Gods, what's wrong with me?
"She asked if you could play a song on the piano," Darius explains slowly before I can set my face in my hands.
"Oh. Um," I stutter unsure of what to say. "I can't. I mean I can play but I..." I haven't played since that night.
My thoughts must've shown on my face because Darius changes the subject to the events of the day. He started off by informing his mother about his lessons and then discovering me with my nose buried in a dozen books. He keeps the conversation focused on him, steering away from me when he can. I'm grateful for it, but my mind keeps drifting to the many songs my mom taught me and Lance to play. Then I think of all the songs that I've learned since then. Some while she was still here, a small few just after she passed from listening to the Melodic Orchestra in the amphitheater.
When I finally got out of mourning, I still had to cope with it for a long while.
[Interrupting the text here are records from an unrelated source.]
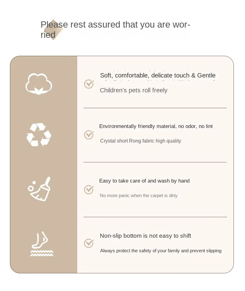 In order to stop giant packages from being returned as a result of customs clearance failure, giant packages must be vacuum folded and despatched, and there shall be creases when opened. After unpacking, wait for the carpet to get better. Creases will disappear over time and may also be resolved by ironing. Hope you perceive.
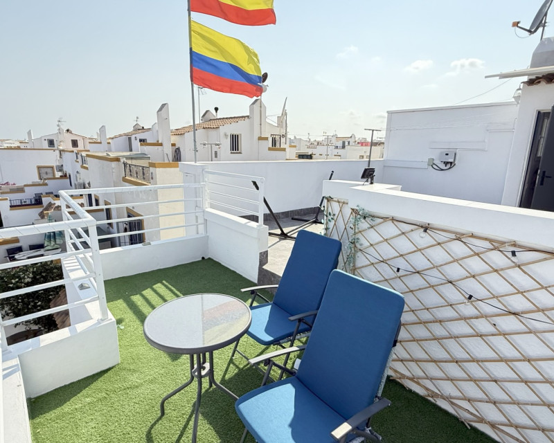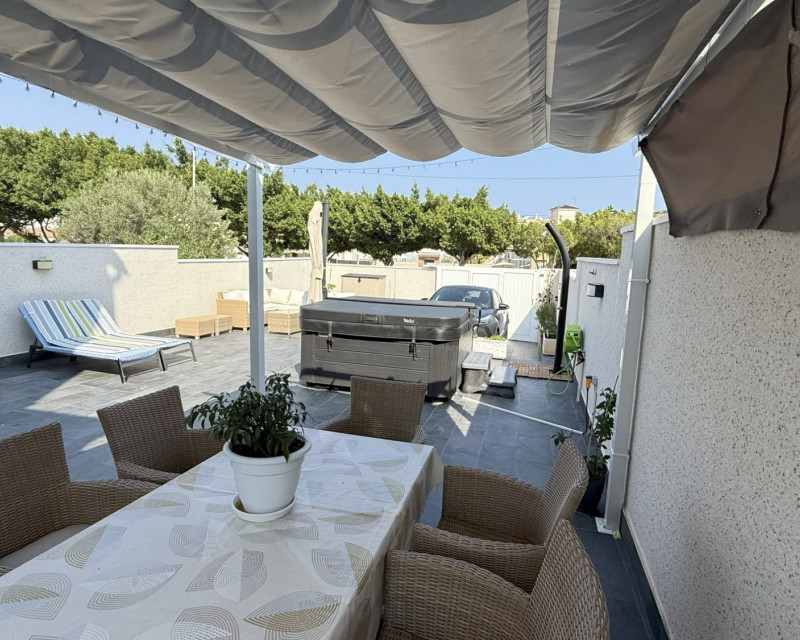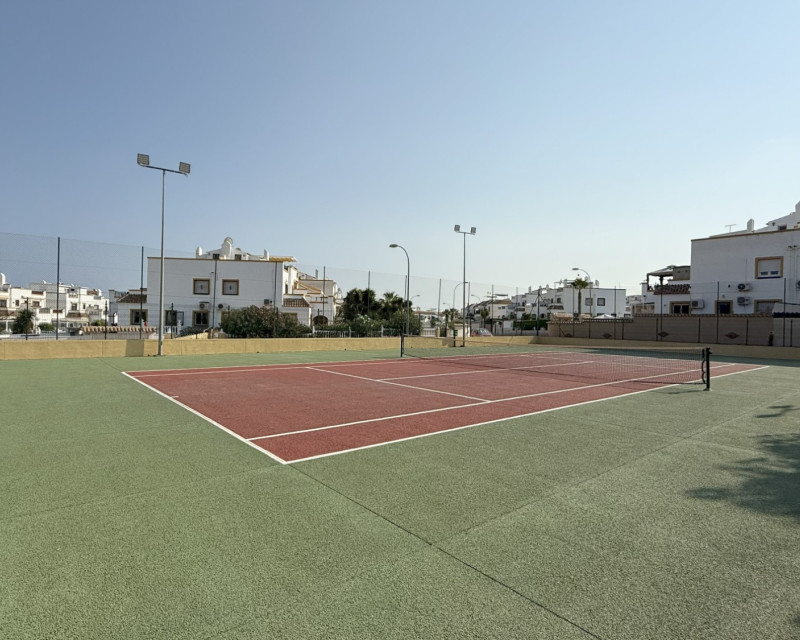 Just a few minutes’ walk from La Zenia Boulevard shopping centre and the coast, this stunning quad house, completely renovated in 2024, combines comfort and style in an unbeatable location. The ground floor features a spacious and inviting living room, a brand-new kitchen fitted with all appliances and ample storage space, as well as a guest bathroom with toilet. On the first floor, there is one bedroom with fitted wardrobes and a large master bedroom with adjoining dressing room and office space. The main bathroom includes a double sink, toilet and modern walk-in shower. The solarium offers beautiful sea views and is equipped with solar panels. Outdoors, you will find a private parking space within the gated plot (not on the street), a generous terrace with built-in barbecue and a storage room. The urbanisation is very well maintained and offers residents a large communal swimming pool and a tennis court, making it a perfect setting for both living and holidays.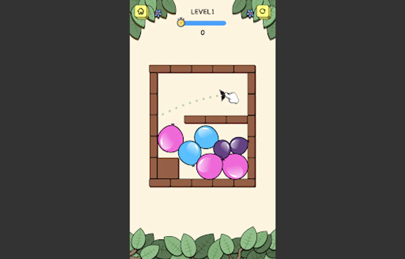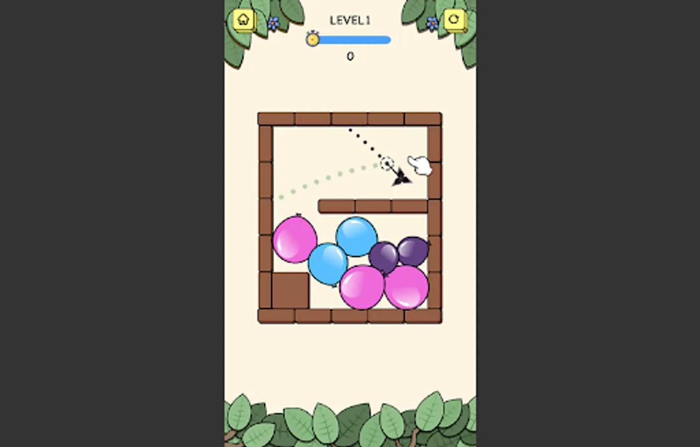 Pop Balloon is a very interesting casual bounce ball game. In the game, you need to control the strength and angle to launch the thorn ball, the thorn ball will bounce when it hits the wall, and all the balloons will be broken by rebounding to win.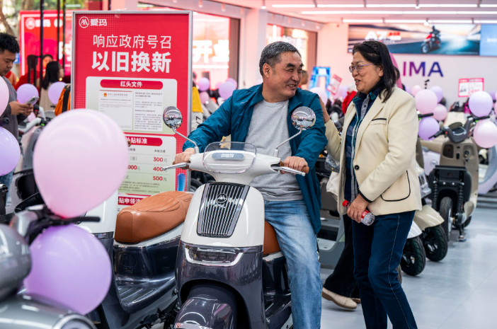 2025年3月21日,消费者在广西梧州市万秀区一家电动自行车销售门店选购电动自行车。新华社发(何华文 摄)

I would often sneak into the theater and sit on a beam to listen to the orchestra rather than watch whatever play was being performed. And when the orchestra had a concert I'd sneak under the stage, lay down on the floor, close my eyes, and let the music sweep me away. Music has always been my release, both playing and listening to it, but it hasn't sounded the same since her. Even when I listened as the orchestra for hours on end, I'd find myself walking out with puffy eyes and a runny nose. Sometimes I'd lay right beneath the conductor's feet, but I mainly stuck to watching the pianist through the floorboards as their body swayed with the melody.
You play what you feel, or you play what was written.
Slowly, I sit on the piano bench but make no move to touch the keys. There's a part of me that wants to play, that wants to just put everything I'm feeling and have felt for so many years into one long song. But there's the other part of me that knows that it's something that I should do on my own.
So I sit at the piano, look over the keys, and remember which chords were my favorite to play, but keep my hands firmly in my lap.